Introduction‎ > ‎


STEMMA stands for “Source Text for Event and Ménage MApping”.


STEMMA was primarily a data model for long-term storage and data exchange although it has since become much more. It therefore strived to hold data entities and their connections rather than any presentation information. There is deliberately no concept of font control, colouring, or date and numeric formatting. These are the responsibility of the software tools utilising a STEMMA Document.


The STEMMA source format is portrayed here using XML (eXtensible Markup Language) but this should be viewed as just one physical representation since the data model itself could be represented in a variety of ways (e.g. JSON). XML is a textual serialisation format designed originally by W3C to represent structured data in a generalised way, mainly to facilitate communication over the Internet. XML is a well-established standard that provides for automatic validation according to schema definition files. It also supports namespaces for versioning of the main schema and for formal extensions to the main schema.


STEMMA is designed to represent generalised micro-history data, including family history, as opposed to merely biological lineage (literally genealogical data). Genealogy is often associated with biological lineage, particularly in the form of family trees, whereas micro-history is concerned with more types of subject entity such as persons, places, animals, and groups all events in the history of those subjects and arbitrary connections between them. Family history is therefore a form of Micro-history. This is a far more ambitious goal and STEMMA strives to find a balance between a strong formal approach and the flexibility to accommodate the unexpected and human contributions (i.e. narrative work, reasoning, and general notes).


STEMMA gives Persons, Places, Animals, Groups, and Events equal billing as top-level entities, thus providing social, geographical, and temporal dimensionality to the data. In addition, there are top-level entities representing narrative work, sources, citations, source analysis, and attachments, which contribute an informational dimension. Each of these entities has a Key by which they can be referenced from other entities, and each supports a strong narrative structure. This narrative is more than just a set of brief comments or plain-text notes since it can arbitrarily reference other entities by their Key. The embedding of references within narrative also allows a STEMMA viewing tool to easily generate hyperlinks to the referenced items, thus supporting drill-down in order to identify supporting evidence and reasoning, or to find the source of the evidence.
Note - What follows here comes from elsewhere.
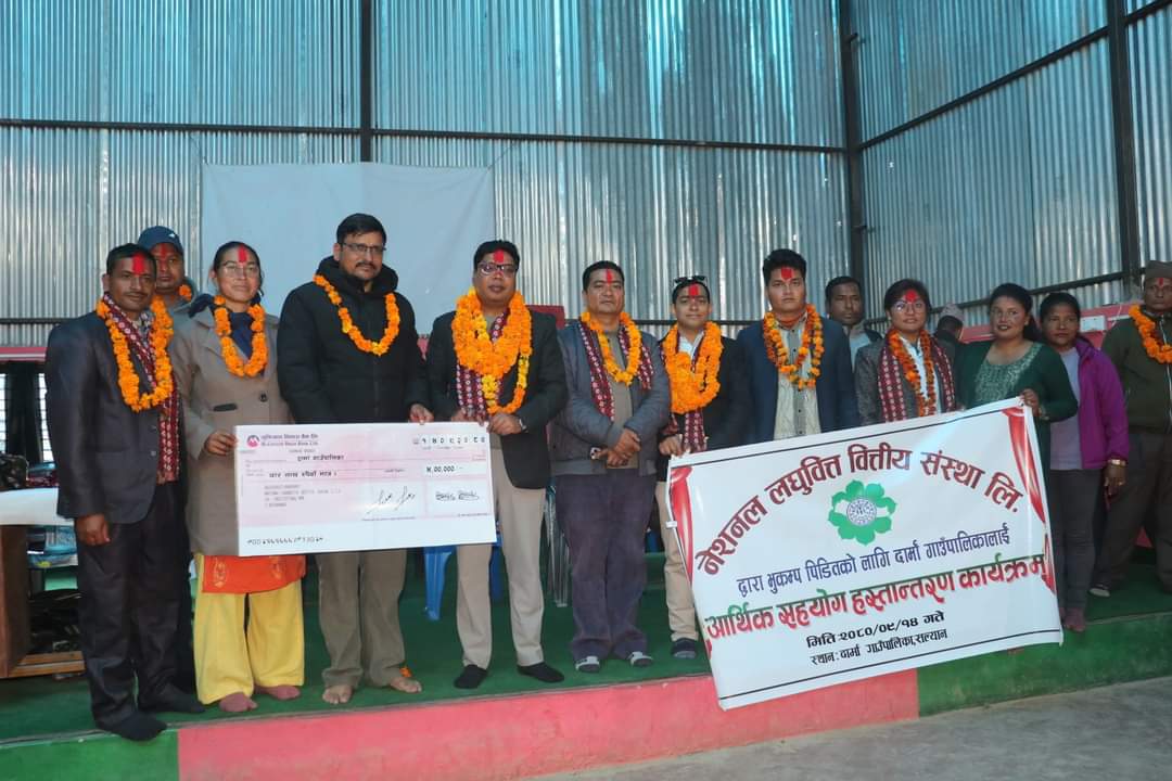 यसका साथै आगामी दिनमा पनि दुर दराजमा रहेका विपन्न गरिव परिवारमा वित्तीय सेवा पुर्याउन आग्रह समेत गरे । सोही अवसरमा नेशनल लघुवित्तका सिइयो राम बहादुर यादवले मानवीय सहायतामा सधै नेशनल लघुवित्त साथ रहने बताए । मानवीय सहायता गर्ने अवसर दिएकोमा गाउँपालिका तथा नगरपालिकालाई धन्यवाद समेत व्यक्त गरेको थिए । दुर्गम गाउँ बस्तीहरुमा आफ्ना सेवाग्राही सदस्यहरुलाई सामाजिक तथा आर्थिक उत्थानका लाथि लघुवित्त कार्यक्रको माध्यमबाट गरिवी न्यूनिकरणमा टेवा पुर्याउने सिइओ यादवले बताए ।

Most of these top-level elements are also hierarchical. A hierarchy for Persons or for Animals is expected (i.e. lineage), and some products already represent a Place-hierarchy where each place is connected to a broader parent Place. STEMMA goes further by giving Events a hierarchical structure, thus allowing longer-term Events to embrace shorter-term Events and so give them a more granular structure to help with the representation of history. Furthermore, it allows Groups to be hierarchical, and Citations to be hierarchical such that, say, two documents from the same collection can share common data along a chain.


Other noteworthy structural features of STEMMA include:


  • Ability to represent not just biological lineage, or extended family (as in adoptive parents), but arbitrary connections between people who may not be part of the family at all. See The Lineage Trap.
  • Powerful multi-language narrative feature allowing rich-text to be added to all entities, or used for complete research articles. Narrative subsections can be given attributes such as Surety and Sensitivity, and can distinguish information from inference. It can also embed computer-readable links to other entities, including other narrative, using semantic mark-up.
  • Separate syntax to handle all top-level entity definitions (e.g. Event) independently of references to them (e.g. EventLnk). This allows both the definitions and the references to contribute information in a natural contextual way.
  • Inheritance mechanism allowing entity data to be factored out to increase sharing and reduce duplication.
  • Defined methods for declaring extended vocabulary, properties, and for formally extending the core schema.


Although STEMMA was initially conceived as supporting import/export or long-term storage of data, this quickly became a secondary feature. A result of its deep level of representation meant that no database-orientated product could adequately index it.[1] However, indexing it into memory, on-the-fly, meant that (a) full and efficient indexing was possible, (b) that no import/export was necessary as the definitive source format could be exchanged, and (c) that no special consideration was needed for long-term storage or backup of database content. The article Do Genealogists Really Need a Database? explains how reliance on a conventional database is folly, and introduces performance degradation, risk of corruption, incompatibility between different database vendors or proprietary schemas, and forces the need to invent other representations for import/export, etc. The Introduction section mentions ‘historical-data document format’, meaning that a STEMMA Document can be shared and transmitted just as a word-processor document or spreadsheet might you don’t need a database for viewing those!

[1] A simple but demonstrable example is the transcription of Josh (with a superscript ‘h’), which is shorthand for Joseph but is invariably transcribed as Josh, and so is incorrect.